What We Learned from Anonymous: DDoS is now 3DoS - yarapavan
http://devcentral.f5.com/weblogs/macvittie/archive/2010/12/15/what-we-learned-from-anonymous-ddos-is-now-3dos.aspx

======
bediger
This is an interesting article with a catchy phrase. But it must also have
been an easy article to write, as it comes entirely from the "Us versus Them"
viewpoint. The author assumes that his or her employer is always right. Worse,
the author assumes that the reader assumes that as well.

But that assumption is false. It's false enough that we have a phrase, a whole
vocabulary around it. "Whistleblower" comes to mind. "Impeachment" comes to
mind. "White collar crime" comes to mind.
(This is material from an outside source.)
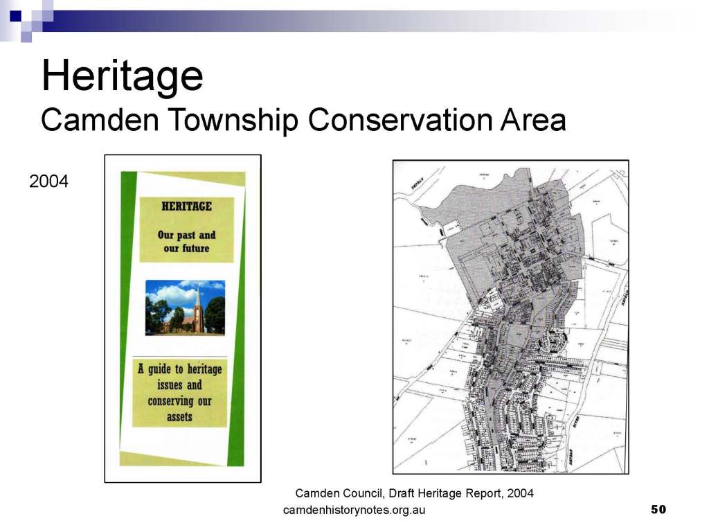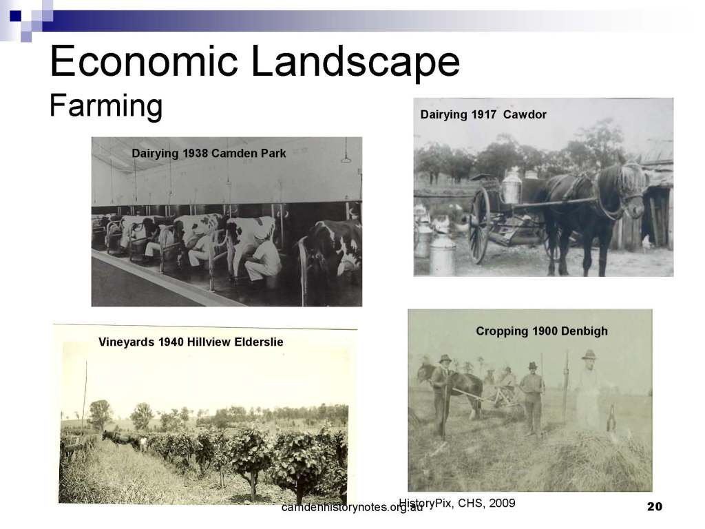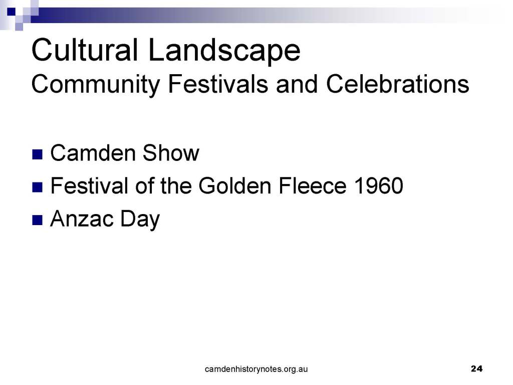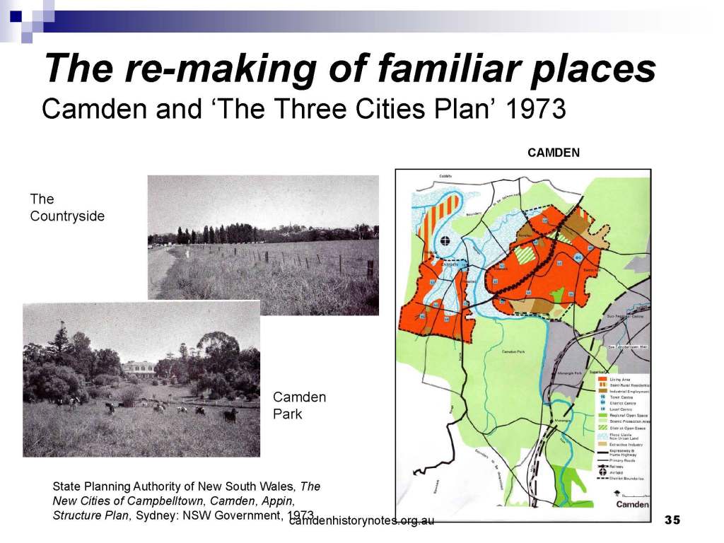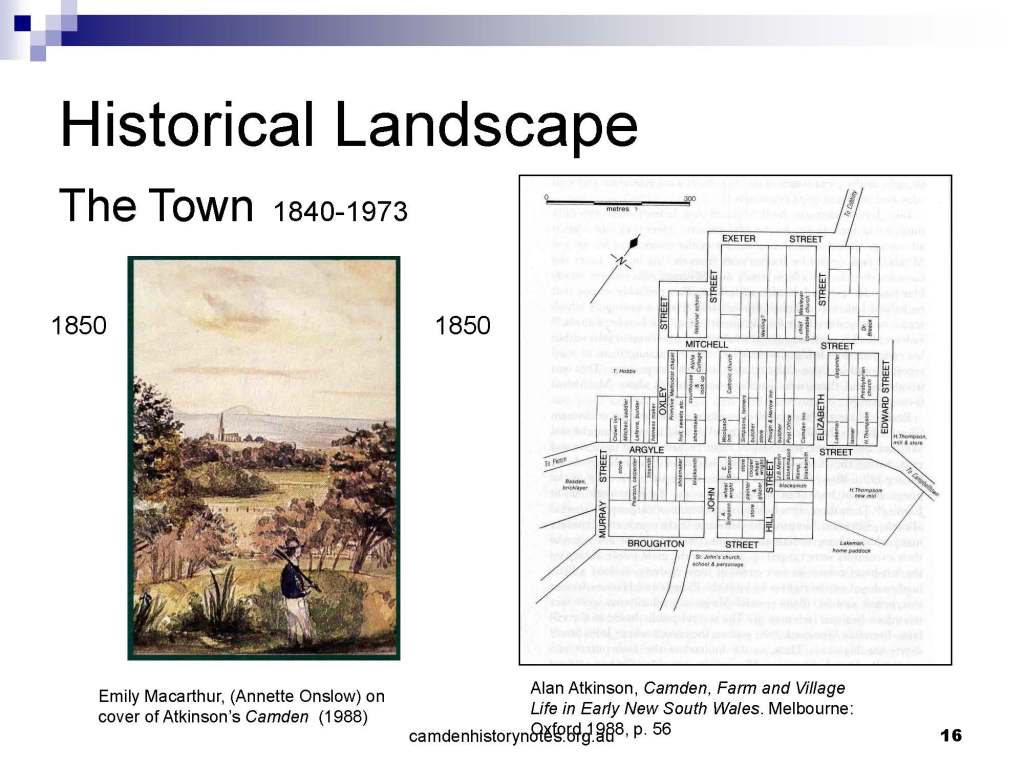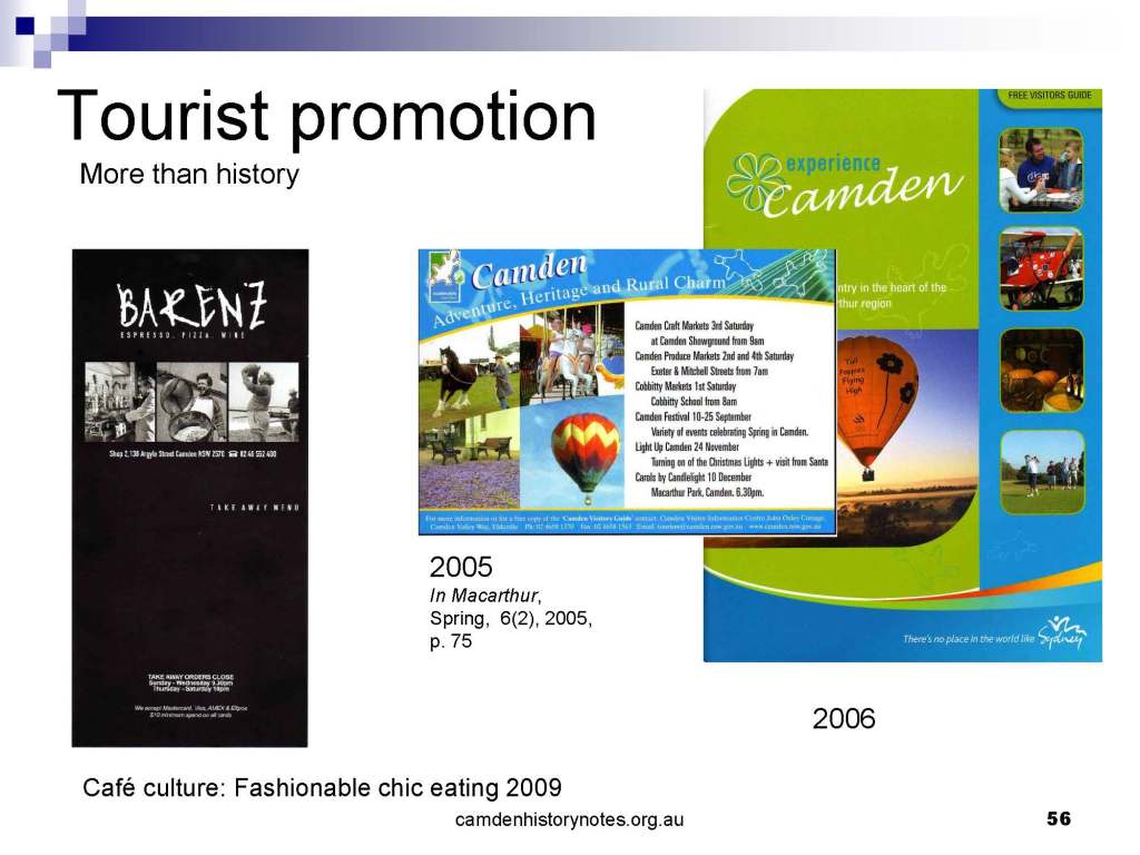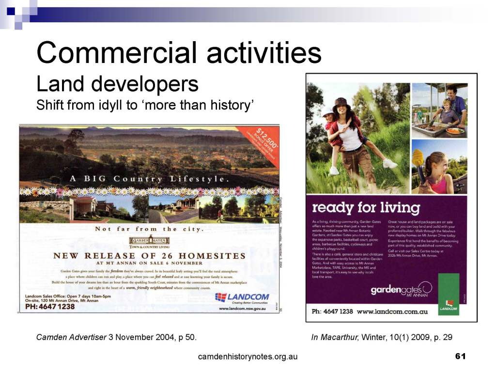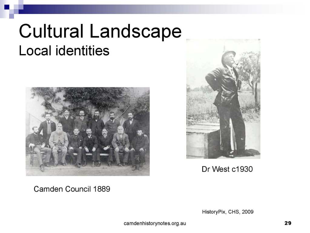 This presentation examines Sydney’s urban expansion into the local area (in Elderslie, Oran Park, South Camden), which threatens to destroy what is left of Camden’s notion of being a country town. Fact or fiction? Many in the local community desire to retain Camden’s image as a country town. Is this just a dream, or is there some reality to this idea? Many local people talk about retaining Camden’s ‘country town atmosphere’ or ‘keeping Camden country’. The town is described as ‘picturesque’ and having ‘charming cottages’. To others, Camden is a ‘working country town’ or ‘my country town’. These values and ideas are connected to the reality of trying to keep what is left of Camden as a country town. Tourist brochures use these ideas to picture idyllic rural scenes. Land developers have scenes of families frolicking in the meadows with their children. These values and ideas are based on nostalgia. They look back to the early days of Camden, when daily life in the town was uncomplicated, innocent, and genuine, with traditional rural values. When people talked to their neighbours and stopped for a chat in the street, they were based on nostalgia. Nostalgia and yearning for a lost past have been re-created in a ‘country town idyll’ in Camden, NSW today.

IT organizations have gone rogue: the UK's "phantom withdrawals" problem
demonstrates that
([http://www.phantomwithdrawals.com/index.php/Phantom_Withdraw...](http://www.phantomwithdrawals.com/index.php/Phantom_Withdrawals)
and). Whole governments have gone bad, a cliche that means I don't have to
list them. Employers can go bad too. We, the rest of us, the victims, may have
to "3DoS" some network entity.

Study this article for both ends of the problem, but don't be taken in by its
assumptions and viewpoint.